8.2 However, I know that a significant number
of people with mental health problems are currently not covered
by the Act but who are in need of being protected by it as disabled
people. Moreover, I am aware that people who have recovered from
mental health problems are also discriminated against and I believe
that these too should be covered by the Act.

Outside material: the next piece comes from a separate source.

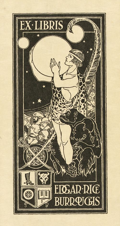 On September 1, we celebrate the birthday of Edgar Rice Burroughs (1875-1950), an American writer of science fiction, fantasy, westerns, and modern fiction. He is best known for his creations of the jungle hero Tarzan, the Mars adventurer John Carter, and the Venus adventurer Carson Napier. The image accompanying this article shows the author’s personal bookplate designed by his nephew, featuring Tarzan holding Mars, surrounded by other characters from his stories.

8.3 As there are many people who are far
more expert than I am on this subject, I will leave it to others
to suggest how best this gap might be filled.
9. COVERAGE
9.1 There are a number of positions and
bodies that are also not covered by the Act and for whose inclusion
the DRC argue cogently. Two groups that I think are particularly
important because of their gatekeeping roles are examining bodies
and standard setting agencies. Members of both groups should all
be subject to the Act.
9.2 Others include volunteers, political
office-holders, school (parent) governors, governors of further
and higher education institutions and lay magistrates, who are
neither employees nor "statutory officeholders", as
defined by the ODA.
10. SUMMARY
10.1 Clause 3 should be expanded to allow
regulations to ban discrimination on aircraft and ferries on internal
UK services.
10.2 It should be ensured that discrimination
in respect of access to town centres, car parks, roads, pavements,
footpaths, nature trails and cycle routes is covered by sections
19-21 of the DDA in conjunction with Clause 4.
10.3 Section 21 of the DDA and Clause 4
should be amended to refer to "substantial disadvantage".
10.4 Unless very good reasons are advanced
to the contrary, the proviso that a body will not be deemed a
public authority if the nature of an act it is carrying is private
should be deleted from both Clause 4 and Clause 8.
10.5 In order to avoid nullifying the potential
benefits of Clause 4, subsection 21 D(5) ("Treatment or an
outcome is justified under this subsection if the acts of the
public authority which give rise to the treatment or outcome are
a proportionate means of achieving a legitimate aim.") should
be deleted.
10.6 The wording of the reasonable adjustments
duty in Clause 4 should be amended so that it is framed as an
anticipatory duty owed to disabled people.
10.7 Clause 4, in Section 21D(3) allows
less favourable treatment to be justified where, in the reasonable
opinion of the public authority, one or more of four specified
conditions applies. This "reasonable opinion" justification
of discrimination should be deleted.
10.8 Enforcement of the new rights of access
to premises, transport, private clubs and new provisions on public
functions should be through the tribunal system rather than through
county or sheriff courts.
10.9 The DRC should be empowered in any
circumstance to take up any case against a public body on behalf
of a disabled individual.
10.10 Tribunals should be empowered to order
re-instatement or re-engagement in discrimination cases.
10.11 Tribunals should also be empowered
to recommend to employers changes to their practices when a case
brought by an individual reveals clear shortcomings. The DRC could
usefully be involved in enforcing any such recommendation.
10.12 Except in very limited circumstances,
it should be made unlawful to make disability-related enquiries
before a job is offered.
10.13 The definition of disability needs
to be expanded to cover people with mental health problems who
are not currently covered by the Act but who are in need of being
protected by it as disabled people.
10.14 Examining bodies and standard setting
agencies should be covered by the Act because of the gatekeeping
roles of these bodies.
10.15 The Act should also cover volunteers,
political office-holders, school (parent) governors, governors
of further and higher education institutions and lay magistrates,
who are neither employees nor "statutory officeholders",
as defined by the DDA.
11. CONCLUSIONS
11.1 If the Bill incorporates the changes
recommended above, the Act as amended will have made excellent
progress towards implementing the anti-discrimination measures
first voiced by CORAD.
11.2 For this to be achieved, however, great
care needs to be taken in the redrafting of Clauses 4 and 8.